E.V : On est en lutte avec des matériaux qui ne se laissent pas faire. Et on se retrouve face à des inattendus qu’on ne pouvait pas inventer, des sortes d’accidents qui vont provoquer d’autres idées. C’est seulement comme ça qu’il y a progression. Le travail préparatoire, c’est d’abord dans mes recherches mentales qu’elles commencent. J’imagine un mouvement, une pièce assez impossible à réaliser, ensuite, je râle parce que je n’arrive pas à la faire. En passant au croquis, je la découvre mieux mais elle a perdu de sa force et de sa valeur. Ensuite, je passe à la maquette. La réalisation est difficile, pénible. Il m’a fallu plusieurs années pour réaliser certaines pièces. Pour l’Hommage à Moebius, il m’a fallu du temps pour faire entrer une roue dans elle-même. Une part de chance ? Tu me tends la perche…. (rires). Un proverbe que j’aime beaucoup dit : « Mieux vaut avoir de la chance que du mérite », c’est tellement vrai ! Je n’ai jamais été emballé par mon travail, je ne me suis jamais pris au sérieux, ce qui est très mauvais, parce que c’est contagieux (rires) et si tu ne te prends pas au sérieux, les autres non plus… J’exagère, mais je n’ai pas toujours été content de moi. Aujourd’hui, je commence à découvrir certaines qualités de mon travail, à mon âge canonique.
R.C : Ton travail va te conduire à l’Art monumental, notamment une commande publique d’un monument à La Trinité. On peut trouver aussi plusieurs de tes œuvres dans les villes. Que t’apporte ce type de démarche ?

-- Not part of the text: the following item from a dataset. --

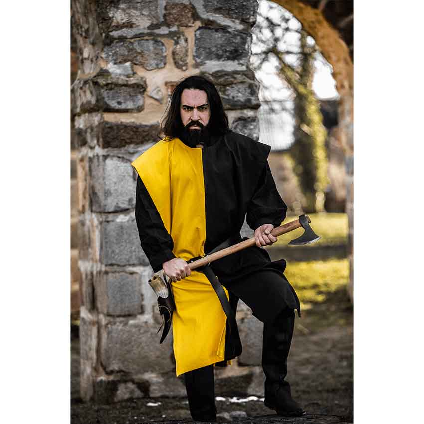 Crafted from pure cotton, this medieval tabard is a great addition to your medieval fantasy or historical outfit. This Frederick tabard has a vertical halved color scheme. This means each side is a different color. One side is black and the other is yellow. At the top, this medieval knight overcoat has a round neckline. The sides are completely open. Wear this tabard with your favorite belt to secure it at the waist. It is also sleeveless for added comfort and breathability. Slits on the front and back of this Frederick surcoat give you more mobility and make it easier to wear. This long black and yellow tabard ends at the calf for most.

E.V : Cela a toujours été mon rêve. J’ai toujours dessiné… dessiné de grandes pièces. L’opportunité m’a été donnée et c’était un grand plaisir. Cela a été une sorte de finalité, une trace de grande dimension. Mais j’ai aussi fait des bijoux et un artiste doit savoir faire les deux. Un petit objet peut être en lui-même monumental.

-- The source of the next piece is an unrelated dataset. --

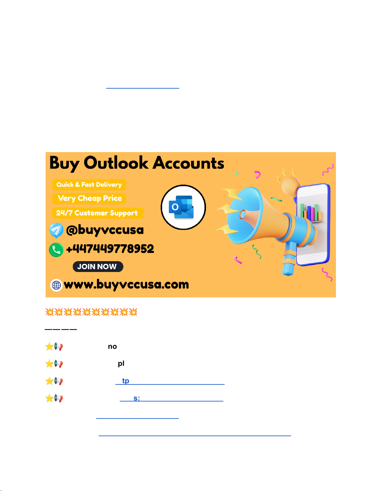 Top Vendors for Fresh and Aged Outlook Email Accounts If you are looking to Buy Outlook Accounts safely and efficiently, BuyVccUsa.com is a trusted online platform. We provide high-quality Microsoft Outlook accounts suitable for business communication, marketing, automation, and professional use. Every account is tested before delivery to ensure full access, stability, and reliability. With secure payment methods, instant delivery options, and dedicated customer support, BuyVccUsa.com offers a smooth and risk-free buying experience. Whether you need single accounts or bulk Outlook accounts, our focus is on quality, affordability, and long-term customer satisfaction worldwide. 💥💥💥💥💥💥💥💥💥💥 — — — — — — — — — — ⭐📢➥➤Contact now for more information and services ⭐📢➥➤24-Hour Reply/Contact ⭐📢➥➤Telegram: https://telegram.me/buyvccusa ⭐📢➥➤WhatsApp: https://wa.me/+447449778952 ▣Website link: https://buyvccusa.com/ ▣Product Link: https://buyvccusa.com/product/buy-outlook-accounts/ https://buyvccusa.com/product/buy-hotmail-accounts/ https://telegram.me/buyvccusa https://wa.me/+447449778952 https://buyvccusa.com/ https://buyvccusa.com/product/buy-outlook-accounts/ — — — — — — — — — — 💥💥💥💥💥💥💥💥💥💥 What Is Microsoft Outlook? Microsoft Outlook is a widely used email service developed by Microsoft. It allows users to send and receive emails, manage calendars, organize contacts, and handle professional communication efficiently. Outlook is trusted globally due to its strong security features, clean interface, and reliable email delivery. Businesses, professionals, and organizations prefer Outlook for corporate communication and official registrations. Because it integrates seamlessly with other Microsoft services, Outlook is suitable for both personal and business use, making it one of the most popular email platforms worldwide. Buy Outlook Accounts in Bulk Buying Outlook accounts in bulk is ideal for businesses, agencies, and marketers who need multiple email accounts. BuyVccUsa.com offers bulk Outlook account packages that save time and reduce costs. All bulk accounts are tested before delivery to ensure quality and consistency. Bulk purchasing allows businesses to scale operations efficiently without the hassle of manual account creation. Our bulk solutions are reliable, affordable, and suitable for professional use. Buy Outlook Accounts Cheap BuyVccUsa.com provides cheap Outlook accounts without compromising quality. Affordable pricing makes Outlook accounts accessible for individuals and businesses with budget considerations. Even at low prices, all accounts are tested and delivered with full access. Cheap Outlook accounts are ideal for users who need multiple accounts while keeping expenses low. Transparent pricing and reliable service make BuyVccUsa.com a preferred choice. 💥💥💥💥💥💥💥💥💥💥 — — — — — — — — — — ⭐📢➥➤Contact now for more information and services ⭐📢➥➤24-Hour Reply/Contact ⭐📢➥➤Telegram: https://telegram.me/buyvccusa ⭐📢➥➤WhatsApp: https://wa.me/+447449778952 ▣Website link: https://buyvccusa.com/ https://buyvccusa.com/product/buy-hotmail-accounts/ https://buyvccusa.com/product/buy-hotmail-accounts/ https://buyvccusa.com/product/buy-hotmail-accounts/ https://telegram.me/buyvccusa https://wa.me/+447449778952 https://buyvccusa.com/ ▣Product Link: https://buyvccusa.com/product/buy-outlook-accounts/ — — — — — — — — — — 💥💥💥💥💥💥💥💥💥💥 Are Outlook Accounts Region-Specific? Outlook accounts can be created in different regions, such as the USA or UK. Region-specific accounts may be preferred for certain business or marketing needs. BuyVccUsa.com offers Outlook accounts suitable for global use. Region details depend on availability and account type. Choosing the right region helps improve relevance and acceptance for specific use cases. Can I Buy Outlook Accounts from the USA or UK? Yes, you can buy Outlook accounts suitable for use in the USA or UK from BuyVccUsa.com. These accounts are commonly used for business, registrations, and professional communication. USA and UK-based Outlook accounts are popular due to their trust and acceptance. BuyVccUsa.com ensures quality and reliability regardless of region. What Are Instant Delivery Outlook Accounts? Instant delivery Outlook accounts are accounts delivered immediately after purchase. BuyVccUsa.com offers instant delivery options so customers can start using their accounts right away. These accounts are pre-tested and ready to login and use. Instant delivery saves time and ensures convenience for urgent needs. 💥💥💥💥💥💥💥💥💥💥 — — — — — — — — — — ⭐📢➥➤Contact now for more information and services ⭐📢➥➤24-Hour Reply/Contact ⭐📢➥➤Telegram: https://telegram.me/buyvccusa ⭐📢➥➤WhatsApp: https://wa.me/+447449778952 ▣Website link: https://buyvccusa.com/ ▣Product Link: https://buyvccusa.com/product/buy-outlook-accounts/ https://buyvccusa.com/product/buy-outlook-accounts/ https://buyvccusa.com/product/buy-hotmail-accounts/ https://buyvccusa.com/product/buy-hotmail-accounts/ https://telegram.me/buyvccusa https://wa.me/+447449778952 https://buyvccusa.com/ https://buyvccusa.com/product/buy-outlook-accounts/ — — — — — — — — — — 💥💥💥💥💥💥💥💥💥💥 Are Cheap Outlook Accounts Reliable? Cheap Outlook accounts can be reliable when purchased from a trusted seller. BuyVccUsa.com ensures that even low-priced accounts meet quality standards. All accounts are tested before delivery. Reliability depends on account quality and responsible usage. Choosing a reputable provider reduces risks. How Many Outlook Accounts Can I Buy at Once? The number of Outlook accounts you can buy depends on your ne

R.C : Tu as récemment reçu, et à l’unanimité, le Grand Prix du Comité Doyen Jean Lépine. Une belle consécration qui couronne ta carrière et ton œuvre.
E.V : C’est inattendu. Je le pense sincèrement. C’est valable pour le prix comme pour les conférences qui parlent de moi ou de mon travail. J’ai l’impression qu’on parle de quelqu’un d’autre… Cette récompense, il y a des personnes qui l’auraient méritée plus que moi. Mais c’est bien d’être reconnu. C’est une double reconnaissance, artistique et artisanale, à travers le matériau. C’est une reconnaissance aussi pour Plexi Azur. Il a permis aux artistes de l’École de Nice, les artistes de Maeght, Miro, par exemple, de travailler dans mon atelier.
R.C : Tout a-t-il été découvert avec le plexiglas ?
E.V : On n’a jamais fini de découvrir, une vie ne suffit pas au métier. Ce qui est merveilleux, c’est que le plexi a été découvert en 1932 et il est travaillé encore aujourd’hui dans la façon. Il a toujours gardé ses qualités et n’a jamais été détrôné. C’est quelque chose pour une matière plastique ! Je pense avoir contribué à lui avoir donné une certaine noblesse. Lorsqu’on parle de matière plastique, généralement, c’est péjoratif. Ce n’est pas la même chose avec ce matériau. R.C : Finalement, artiste ou chercheur ? E.V : Chercheur. S’il y a un côté artistique et poétique, tant mieux ! J’en suis heureux, mais je me considère plus comme un chercheur. Je suis très curieux comme doit l’être un plasticien, je regarde le ciel, les nuages, le trottoir et il y a des choses remarquables : le reflet de la lumière sur les coques de bateaux, ces miroitements, je tente de me rapprocher de la nature, on cherche à l’intégrer quelque part, même si l’on ne s’en rend pas compte.
Edmond Vernassa nous a quittés en mars 2010 et cette interview est un hommage que toute l’équipe d’Art Côte d’Azur a voulu lui rendre.